Possibly related with: https://saxonica.plan.io/issues/2932 Needs some complex steps to reproduce.

  1. Using the DITA Open Toolkit 3.3.4 downloaded from here: https://www.dita-ot.org/download
  2. Create a folder somewhere on your disk named "projets en développement", unzip the DITA OT there. It's important to use that French accent character there.
  3. Open a console, change directory to the "DITA-OT\bin" folder, run:
dita -i ../docsrc/site.ditamap -f html5 -v
  1. The transformation will end with a NullPointerException, I had to patch the DITA OT code to obtain the full stack trace which I'm pasting below. The NullPointerException can also be reproduced using a hand-built DITA OT kit which has Saxon 9.9 bundled.
    [junit]      [exec]    [mapref] java.lang.NullPointerException
    [junit]      [exec]    [mapref] 	at net.sf.saxon.style.XSLGeneralIncorporate.getIncludedStylesheet(XSLGeneralIncorporate.java:127)
    [junit]      [exec]    [mapref] 	at net.sf.saxon.style.StylesheetModule.spliceIncludes(StylesheetModule.java:489)
    [junit]      [exec]    [mapref] 	at net.sf.saxon.style.XSLGeneralIncorporate.getIncludedStylesheet(XSLGeneralIncorporate.java:158)
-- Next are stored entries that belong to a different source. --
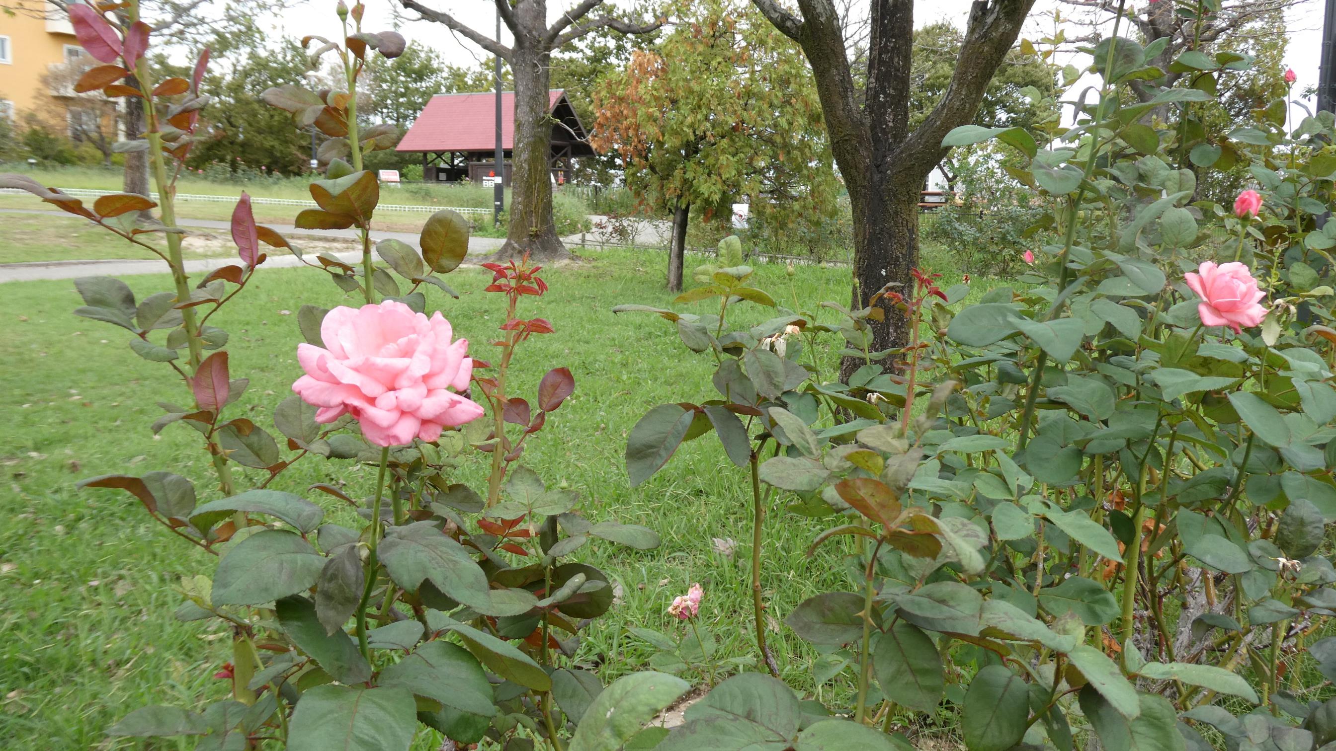 公園の外周遊歩道沿いにバラの木があるが、花は殆ど咲いていない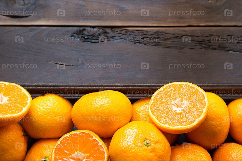 Свежие мандарины в коричневой коробке на деревянном фоне с зелеными еловыми ветками. Рамка, пространство для копирования, праздничный и зимний аромат, новый год, Рождество. Здоровое питание, апельсиновый сок, витрина. Нарезать и вырезать
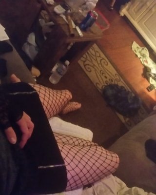 Crossdressing in Netzstrümpfen und Spitze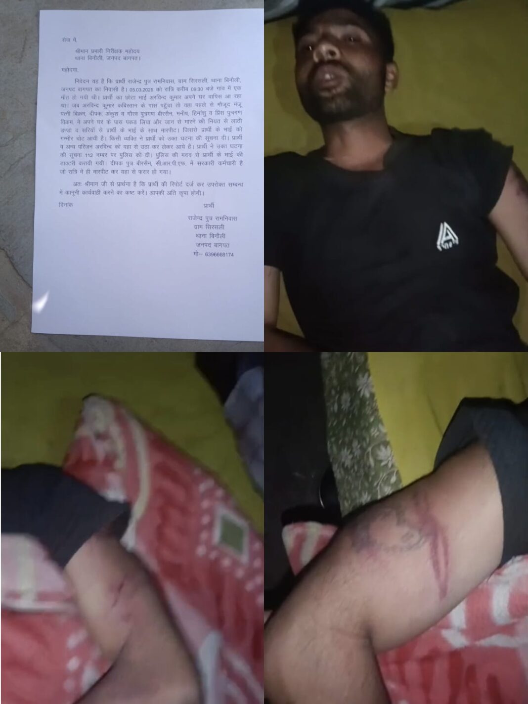 प्राप्त जानकारी के अनुसार सिरसली गांव निवासी राजेन्द्र पुत्र रामनिवास ने थाना बिनौली में दी गई शिकायत में बताया कि 5 मार्च 2026 की रात करीब 9:30 बजे गांव में एक व्यक्ति की मृत्यु होने के कारण लोगों की आवाजाही हो रही थी। इसी दौरान उनका छोटा भाई अरविन्द कुमार अपने घर वापस लौट रहा था। जब वह गांव के कब्रिस्तान के पास पहुंचा, तभी वहां पहले से मौजूद कुछ लोगों ने उसे घेर लिया।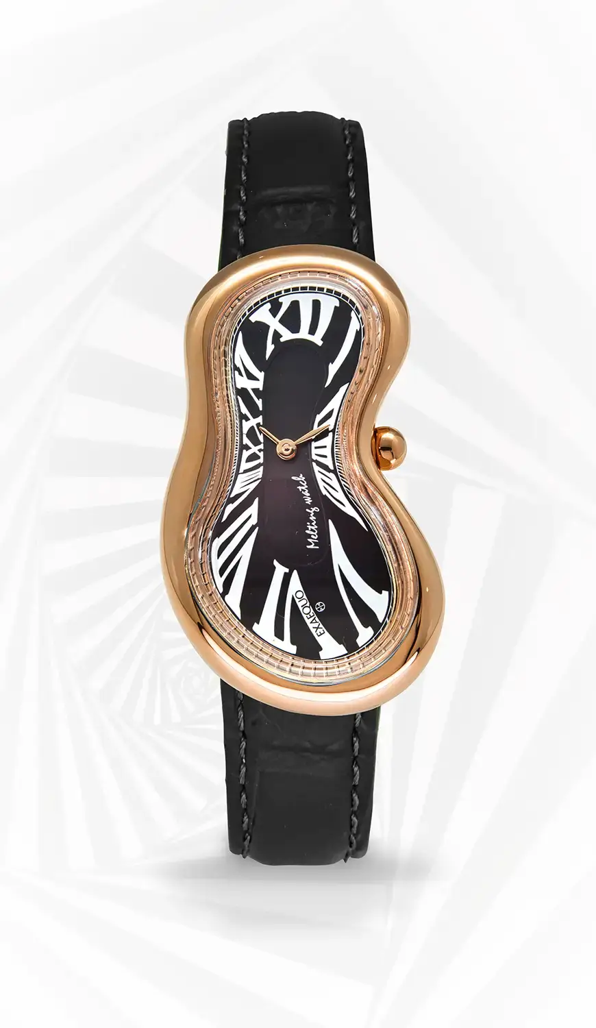 Surrealistické pozlacené hodinky typu Melted Watch značky Exaequo doplňuje pásek s krokodýlím vzorem, jenž podtrhuje eleganci designu. Vyroben z nejkvalitnější kůže, pásek má tónové švy a pohodlné sponové zapínání. Model Melting Watch PVDRG SS 316L Black HS Code 9102.11.65 není jen časoměr, ale i pocta myšlence plynoucího, subjektivního času, který může být deformován a ovlivněn lidským vnímáním. Design odráží pomíjivou podstatu života a křehkost existence, přičemž zkoumá surrealistický svět snů a podvědomí, který zpochybňuje racionální zákony a společenské konvence. Tající hodinky Exaequo Melting Watch PVD Rose Gold Black elegantně spojují styl, kulturu a hlubokou reflexi nad podstatou času a reality.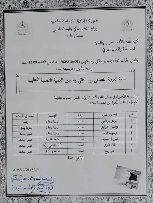 اللجنة العلمية لقسم اللغة و الأدب العربي
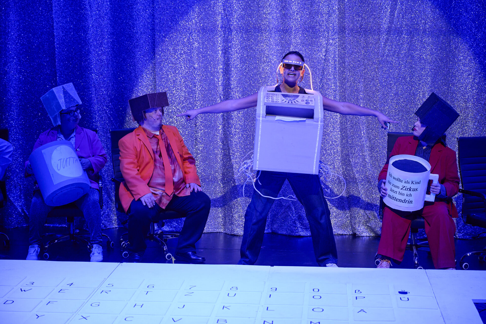 Auf einer riesigen Tastatur, in die drei Trampoline eingelassen sind, lehnen die Kolleginnen Anträge ab und üben das Aufsagen der Wartenummern. Dafür springen sie auf den Buchstaben hin und her. Kollegial wird die Arbeit aufgeteilt, sodass sich niemand zu sehr anstrengen muss – „aber Drei-Tage-Woche ist zu krass“. Sechs Bürostühle stehen zwischen dieser erhöhten Tastatur und einem silbernen Glitzervorhang an der Bühnenrückwand. An ihm ist zentral eine Uhr befestigt, die um kurz vor zwölf stehengeblieben ist. Rechts daneben befindet sich die Band, welche ebenfalls in der Verwaltung arbeitet, beziehungsweise Pausen macht.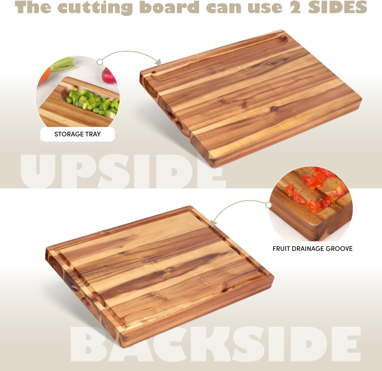 ✅ FRIENDLY SURFACE, NATURAL WOOD : Our cutting boards are made from 100% natural acacia wood, natural color (no paint) so you do not need to worry about chemicals leaching out and absorbing into the food. Wood is a natural product, containing natural deviations in its appearance. Each and every cutting board is beautifully unique with natural color and pattern.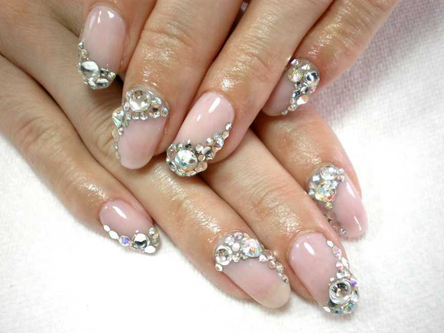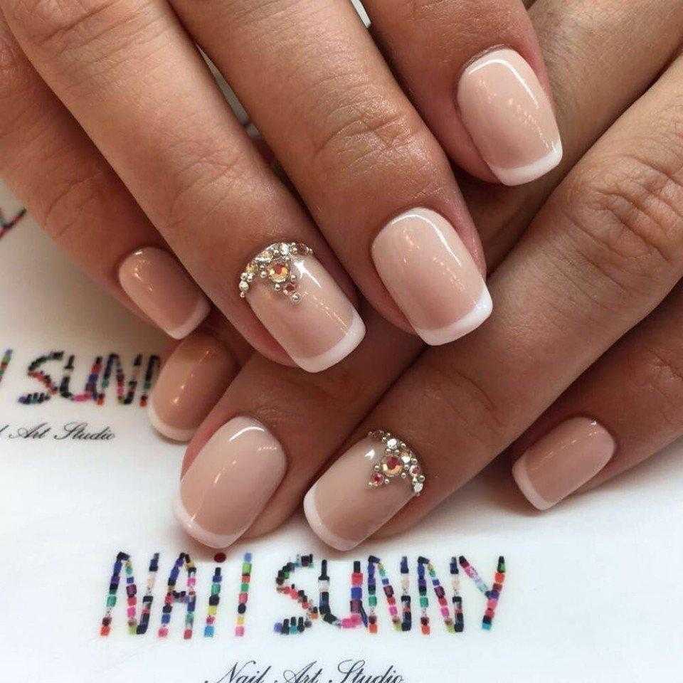 Французский маникюр давно стал классикой, но кто помешает нам оживить его декором из страз или блесток?

    [junit]      [exec]    [mapref] 	at net.sf.saxon.style.StylesheetModule.spliceIncludes(StylesheetModule.java:489)
    [junit]      [exec]    [mapref] 	at net.sf.saxon.style.PrincipalStylesheetModule.spliceUsePackages(PrincipalStylesheetModule.java:505)
    [junit]      [exec]    [mapref] 	at net.sf.saxon.style.PrincipalStylesheetModule.preprocess(PrincipalStylesheetModule.java:331)
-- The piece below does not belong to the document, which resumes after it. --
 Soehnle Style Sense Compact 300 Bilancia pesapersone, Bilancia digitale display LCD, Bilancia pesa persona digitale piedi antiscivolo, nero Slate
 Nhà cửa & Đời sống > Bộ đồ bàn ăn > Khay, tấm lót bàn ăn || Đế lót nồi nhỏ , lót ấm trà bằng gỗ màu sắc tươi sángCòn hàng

    [junit]      [exec]    [mapref] 	at net.sf.saxon.style.Compilation.compilePackage(Compilation.java:286)
    [junit]      [exec]    [mapref] 	at net.sf.saxon.style.StylesheetModule.loadStylesheet(StylesheetModule.java:259)
    [junit]      [exec]    [mapref] 	at net.sf.saxon.style.Compilation.compileSingletonPackage(Compilation.java:107)
    [junit]      [exec]    [mapref] 	at net.sf.saxon.s9api.XsltCompiler.compile(XsltCompiler.java:785)
    [junit]      [exec]    [mapref] 	at net.sf.saxon.jaxp.SaxonTransformerFactory.newTemplates(SaxonTransformerFactory.java:149)
    [junit]      [exec]    [mapref] 	at org.dita.dost.module.XsltModule.execute(XsltModule.java:106)
    [junit]      [exec]    [mapref] 	at org.dita.dost.ant.ExtensibleAntInvoker.execute(ExtensibleAntInvoker.java:182)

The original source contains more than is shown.